コロナ禍、1年延期、無観客......。異例ずくめの東京2020オリンピックが閉幕した。開催か、中止か、延期か。最後まで世論が大きく割れた中での開催となったが、205の国や地域、そして難民選手団、合わせて約1万1,000人の選手が参加。開会式の入場行進は2時間に及んだ。

新型コロナウイルスの感染拡大で分断された世界のアスリートたちが、久しぶりに一堂に会した大会となり、数々のドラマが誕生。競技に立ち向かう選手たちの姿に共感や感動が広がった。

しかし熱戦が続く一方で、新型コロナウイルスの感染者が急増。大会期間中には世界の感染者は2億人、日本でも100万人を超えた。東京では新規感染者が1日で5,000人を超える日もあり、医療機関の逼迫から自宅療養を余儀なくされ、不安な日々を過ごす感染者も1万8,000人に達した。

こうした困難な状況の中で開かれた東京オリンピックは、何を遺したのか。"3つのこれから"の視点で放送の役割を考えたい。

オリンピック放送のこれから

ステイホーム、自宅観戦が強く求められる中で、テレビが主役となった。開会式の世帯視聴率は56.4%(ビデオリサーチ)を記録。中継録画番組を含めのべ7,326万8,000人もの人々が開会式を見たと推計されている。 

自国開催で試合が見やすい時間に行われたこともあり、多くの競技で視聴率が20%を超え、テレビの注目度が高まった。今回、地上波民放は5系列が日替わりで、日本選手の活躍が期待される注目種目を中心に長時間の生放送を実施。チャンネルの選びやすさと同時に、コロナ禍の中、別のチャンネルでは通常番組が見られる安心感もあった。

NHKには、感染者の急増とともに定時ニュースを求める視聴者の意見が寄せられ、休止予定だった『ニュースウオッチ9』等が一部復活となったという。また、閉会式の途中では、台風9号が九州に上陸、急きょマルチ編成に切り替わった。何を優先して、ライブで同時に多くの人々に伝えるのか。オリンピックと緊急報道、テレビの強みをどう発揮するのかが試された。放送とともに、「NHK+」や民放の「gorin.jp」等、ネットでのライブや見逃し配信が進み、多くの利用者を集めた。テレビとスマホを併用した多様な観戦スタイルが広まる契機となった。

一方でスポンサー企業の新たな動きが相次いだ。トヨタ自動車は「いろいろなことが理解されない五輪になりつつある」として、国内では五輪関連のテレビCMを放送しない方針をとった。日経クロストレンドが、企業のマーケター400人に調査した結果でも、五輪の公式スポンサー企業の76%が「宣伝・販促がしづらくなった」と答えている。コロナで人々の動きやインバウンド需要も消え、旅行業、飲食業をはじめ大きな打撃が続いている業界も多い。

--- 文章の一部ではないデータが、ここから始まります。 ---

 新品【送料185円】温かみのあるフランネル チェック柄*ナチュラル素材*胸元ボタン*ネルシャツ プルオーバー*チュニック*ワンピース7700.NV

収入の約7割がテレビの放送権料という国際オリンピック委員会(IOC)。開催規模も大きくなる中で放送権料の高騰が続いている。東京大会が終わり、今回の経験を踏まえ、スポンサー企業が今後どう動くのか。テレビの公共性と経営的な視点から、視聴者にこれからもオリンピック放送をどう伝え続けられるのか。民放にとっても放送業界にとっても、これからの課題が浮かび上がった大会だったと思う。

アスリートのこれから

開催の1年延期がアスリートたちに大きな影響を与えた。練習期間が延びたことで成長しメダルを手にした選手もいれば、一方で厳しい試練の中で選手生命を終えた人もいる。世界的なコロナのまん延で多くの国際大会が中止され、試合の場も限られてきた。五輪開催に賛否両論がある中での悩みもあった。

今回、日本が獲得した金メダルは27、総メダル数も58と史上最多となった。特に大会を通じて印象に残ったのは、10代の若い日本人選手の活躍だ。スケートボードでは12歳の銀メダリストも誕生した。インタビューでもきわめて自然体で「楽しみ」「仲間への思い」を率直に答える姿が印象的で、これまでの"メダル至上主義"とは違う、新しいアスリート世代の誕生の感を強くした。

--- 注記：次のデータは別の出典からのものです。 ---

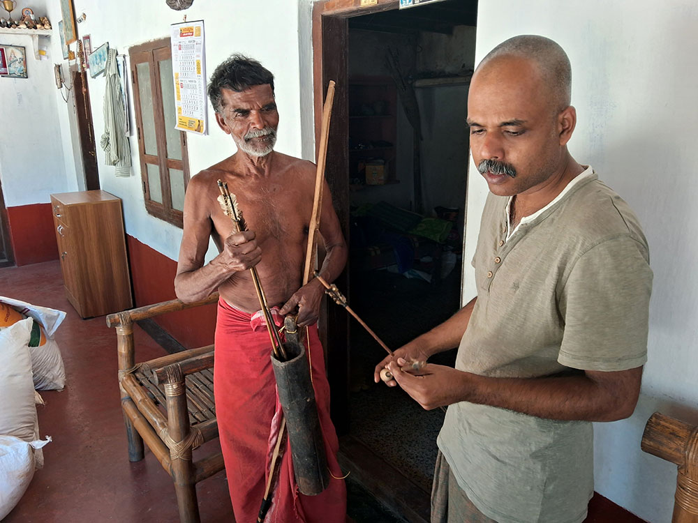 This artistic exploration involves engaged conversations and walking through the fields with elders and seed keepers of the tribal communities around Wayanad. There will be three workshops with the elders and youth of the Paniya community. These workshops will attempt to bring together a sharing of food, storytelling and singing, in order to find connections between the body, food, land and community. There will also be conversations around tools of labour and their relationship with the body and land.

挑み続けるアスリートたちのこれからを伝え続けること。そして、スケートボードやスポーツクライミング、サーフィンなど今回の新競技で広がった視聴者の関心にもどう応えていくか。テレビスポーツのこれからに、新たな発想や挑戦が求められる大会だったと思う。

日本型プロジェクトのこれから

「呪われたオリンピック」。海外メディアは東京大会をこう表現した。新国立競技場のデザインコンペのやり直し、盗用疑惑でエンブレムの白紙撤回......。開幕直前になっても開会式の楽曲制作者の辞任や、演出担当者の解任などが相次いだ。

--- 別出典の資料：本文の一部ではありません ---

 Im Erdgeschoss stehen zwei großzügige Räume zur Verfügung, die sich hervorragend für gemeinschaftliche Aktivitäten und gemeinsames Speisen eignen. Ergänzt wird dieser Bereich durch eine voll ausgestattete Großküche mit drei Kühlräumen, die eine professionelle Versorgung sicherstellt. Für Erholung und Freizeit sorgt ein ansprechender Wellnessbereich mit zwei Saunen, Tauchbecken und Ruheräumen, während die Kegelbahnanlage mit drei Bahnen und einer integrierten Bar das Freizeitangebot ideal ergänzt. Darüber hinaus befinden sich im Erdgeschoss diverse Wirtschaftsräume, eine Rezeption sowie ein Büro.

東京五輪の開催意義の説明も「復興五輪」から「コロナに打ち勝った証し」、さらには「安全・安心の大会」へ。「安全・安心の大会」は開催の大前提であって、すべての基本であるはずだ。何も意義を説明していない。"ほぼ無観客で実施"という決定も時間ばかりが過ぎた。

政府からも、東京都からも、大会組織委員会からも、国民が納得できるメッセージの発言がなかった。だれが責任を持って、オリンピックのような大規模なプロジェクトを遂行したのか。一方で、明確な大方針が示されない中で、現場はボランティアや医療関係者をはじめスタッフの皆さんがさまざまな想定のもと、多大な努力で大会の運営を成し遂げた。国内外の選手からは、SNSで感謝の言葉が続々と投稿されている。草の根のちからが結実した大会でもあった。

終戦から76年の夏。あの戦争への道筋と今回の紆余曲折は重なって見える。新型コロナ対策やワクチン接種の混乱も同様だ。リーダーが見えない。きちんとした明確な説明がない。こうした「日本型プロジェクトのあいまいさ」を克服することが、日本のこれからに活かすべき東京五輪のレガシーだと考える。そのためにも、東京五輪の組織や運営、方針決定のプロセス、そして膨れ上がった大会経費の実態等を、具体的に検証し、伝えていくことがその第一歩につながる。放送が果たすべき役割はこれからだ。